Build America Bond subsidy payment reduced by sequestration took center stage as several prominent Virginia issuers came together to discuss their bond financings with investors Friday.

Richmond-based investment firm Davenport & Company organized the first annual Virginia Investor Conference to bring together issuers and investors in a non-transaction setting, said Jamie Traudt, the company's senior vice president. Traudt said he hoped that by bringing together several large issuers, it would create a draw for investors and allow them the chance to have top issuer officials answer their questions.

"We wanted to create an opportunity," Traudt said.

Conference attendees used that chance to pepper the issuers with questions about the federal sequestration cuts that kicked in at the beginning of the month, including the effect of BAB subsidy payments being reduced. Although none of the issuers thought the potential 8.7% reduction of those subsidy payments would be a significant blow, they did express disappointment and said they are exploring the possible ramifications.

"We have Build America Bonds," Metropolitan Washington Airports Authority chief financial officer Andy Rountree said when asked about sequestration. "We're concerned about cuts as they would impact the subsidies of Build America Bonds."

Rountree said he estimates that MWAA, which operates Reagan National Airport and Dulles International Airport in Virginia as well as the Dulles Toll Road and issued $550 million of BABs, would take a $600,000 hit in subsidy payments each year under the sequester.

"That's not a huge deal in the grand scheme of our debt service," Rountree said. "We have planned and budgeted. But we wish that we wouldn't have to do that and ultimately that's going to fall to the toll road payers."

That road has already created controversy by using tolls to back the debt financing of a roughly $5 billion extension of the Washington Metrotrail system to the Dulles airport. Opponents of the financing plan have argued that using tolls to fund the train amounts to an unconstitutional tax. Two North Virginians have filed a suit against MWAA arguing that point, but two federal courts have so far declined to intervene.

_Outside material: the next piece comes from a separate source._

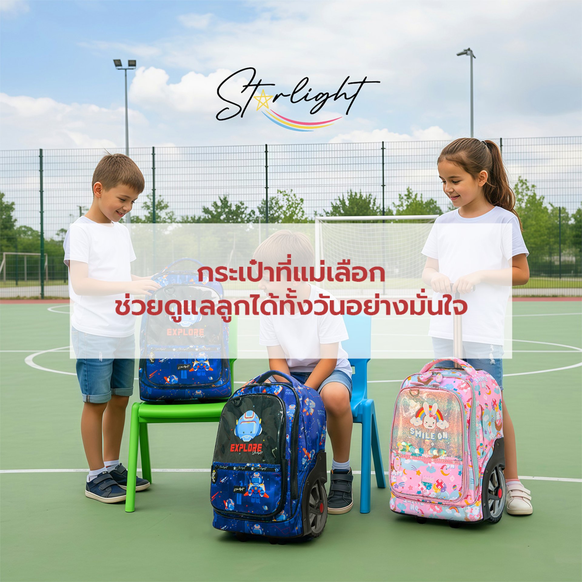กระเป๋าที่แม่เลือก คือความรักที่มองเห็นได้ ในแต่ละวัน ลูกต้องเผชิญกับภารกิจมากมาย ทั้งเรียนหนังสือ ทำกิจกรรม และเล่นกับเพื่อน กระเป๋าที่แม่เลือกคือสิ่งที่อยู่เคียงข้างลูกตลอดวัน เป็นตัวแทนของความรัก ความห่วงใย และการดูแลอย่างไม่สิ้นสุด การลงทุนเลือกกระเป๋าที่ดีจึงไม่ใช่เรื่องเล็ก แต่คือการลงทุนใน ความสุขและสุขภาพของลูก ที่จะอยู่กับเขาไปอีกนาน แม่เลือกด้วยใจ Starlight ออกแบบด้วยความเข้าใจ เพื่อให้ทุกวันของลูกเต็มไปด้วยรอยยิ้มและการเรียนรู้อย่างมั่นใจ

Suzanne Long, executive director of the Virginia Resources Authority, puts together pooled financing deals for groups of smaller issuers in the commonwealth. Long said the VRA has been communicating with those local borrowers to let them know about the impact of the sequester, but that it was understood from the beginning that the debt ultimately belonged to them. She added that those smaller issuers will be cushioned because the nature of the pool deals mean no one borrower will take a huge hit.

"We will see an impact there, Long said. "The dollar amounts are not that large."

Manju Ganeriwala, Virginia's Treasurer, said the triple-A rated commonwealth's robust economy and its highly-educated workforce would keep it going strong despite the slow national economic recovery and unpredictable federal policies that leave her feeling "bounced around like a beach ball."

"Uncertainty has become the new norm for us," she told conference attendees.

Ganeriwala added that Virginia has the benefit of not relying on short-term borrowing for operational expenses the way some states do, using cash reserves instead. Strategies for dealing with continued federal uncertainty include shoring up those reserves as well as diversifying the economy by encouraging more varied industry to set up shop in Virginia, she said. The continuing resolution that Congress approved Thursday and President Obama is expected to sign before Wednesday to keep the U.S. government funded through the rest of fiscal year 2013, she said, also will give the Department of Defense more flexibility in implementing cuts, a boon to the thousands of DOD workers in Virginia.

"That flexibility will help Virginia," said Ganeriwala.

Davenport & Company is hoping to repeat the conference next year, with different issuers and presenters, Traudt said.